The following table shows feature compatibility for deterministic inference across different attention backends:
| Attention Backend | CUDA Graph | Chunked Prefill | Radix Cache | Non-greedy Sampling (Temp > 0) |
|---|---|---|---|---|
| FlashInfer | ✅ Yes | ✅ Yes | ❌ No | ✅ Yes |
| FlashAttention 3 (FA3) | ✅ Yes | ✅ Yes | ✅ Yes | ✅ Yes |
| Triton | ✅ Yes | ✅ Yes | ✅ Yes | ✅ Yes |
Usage
Basic Usage
Enable deterministic inference by adding the --enable-deterministic-inference flag:
python3 -m sglang.launch_server \
--model-path Qwen/Qwen3-8B \
--attention-backend fa3 \
--enable-deterministic-inference
Server Arguments
| Argument | Type/Default | Description |
|---|---|---|
--enable-deterministic-inference |
flag; default: disabled | Enable deterministic inference with batch-invariant operations |
--attention-backend |
string; default: fa3 | Choose attention backend (flashinfer, fa3, or triton) |
Example Configurations
Qwen3-8B
python3 -m sglang.launch_server \
--model-path Qwen/Qwen3-8B \
--attention-backend flashinfer \
--enable-deterministic-inference
Llama Models
python3 -m sglang.launch_server \
--model-path meta-llama/Llama-3.1-8B-Instruct \
--attention-backend fa3 \
--enable-deterministic-inference
Qwen3-30B-A3B (MoE Model)
python3 -m sglang.launch_server \
--model-path Qwen/Qwen3-30B-A3B \
--attention-backend fa3 \
--enable-deterministic-inference
Deterministic Inference with Non-Greedy Sampling (Temperature > 0)
SGLang supports deterministic inference even with non-greedy sampling by using sampling seeds.

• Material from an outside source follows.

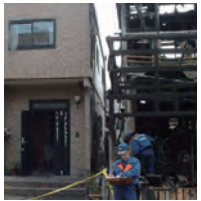
隣家火災 写真左:レスコハウス

PCパネルは燃えない建材。外部からの火災はもちろん、内側からの火にも強く、火災時のリスクを軽減できる数少ない建材です。

This is particularly useful for reinforcement learning scenarios like GRPO (Group Relative Policy Optimization) where you need multiple diverse but reproducible responses.
Default Behavior
By default, SGLang uses a sampling seed of 42 for reproducible sampling:
import requests
response = requests.post(
"http://localhost:30000/generate",
json={
"text": "Tell me a joke",
"sampling_params": {
"temperature": 0.8, # Non-greedy sampling
"max_new_tokens": 128,
},
},
)
print(response.json())
# This will always produce the same response across runs
Generating Multiple Reproducible Responses
To sample different responses from the same prompt while maintaining reproducibility (e.g., for GRPO training), provide different sampling seeds in your requests:
import requests
# Prepare a list of sampling seeds for different responses
sampling_seeds = [42, 43, 44, 45, 46]
responses = []
for seed in sampling_seeds:
response = requests.post(
"http://localhost:30000/generate",
json={
"text": "Tell me a joke",
"sampling_params": {
"temperature": 0.8,
"max_new_tokens": 128,
"sampling_seed": seed, # Specify sampling seed
},
},
)
responses.append(response.json())
# Each seed will produce a different but reproducible response
# Using the same seed will always produce the same response
This approach ensures that:
- Different seeds produce diverse responses
- The same seed always produces the same response across different runs
- Results are reproducible for debugging and evaluation
Verification
Run deterministic tests to verify consistent outputs:
# Single test: same prompt, varying batch sizes
python3 -m sglang.test.test_deterministic --test-mode single --n-trials 50
# Prefix test: prompts with different prefix lengths
python3 -m sglang.test.test_deterministic --test-mode prefix --n-trials 50
# Radix Cache Consistency mode: test radix cache determinism (cached vs uncached prefill)
python3 -m sglang.test.test_deterministic --test-mode radix_cache
Expected result: All tests should show Unique samples: 1 (perfectly deterministic).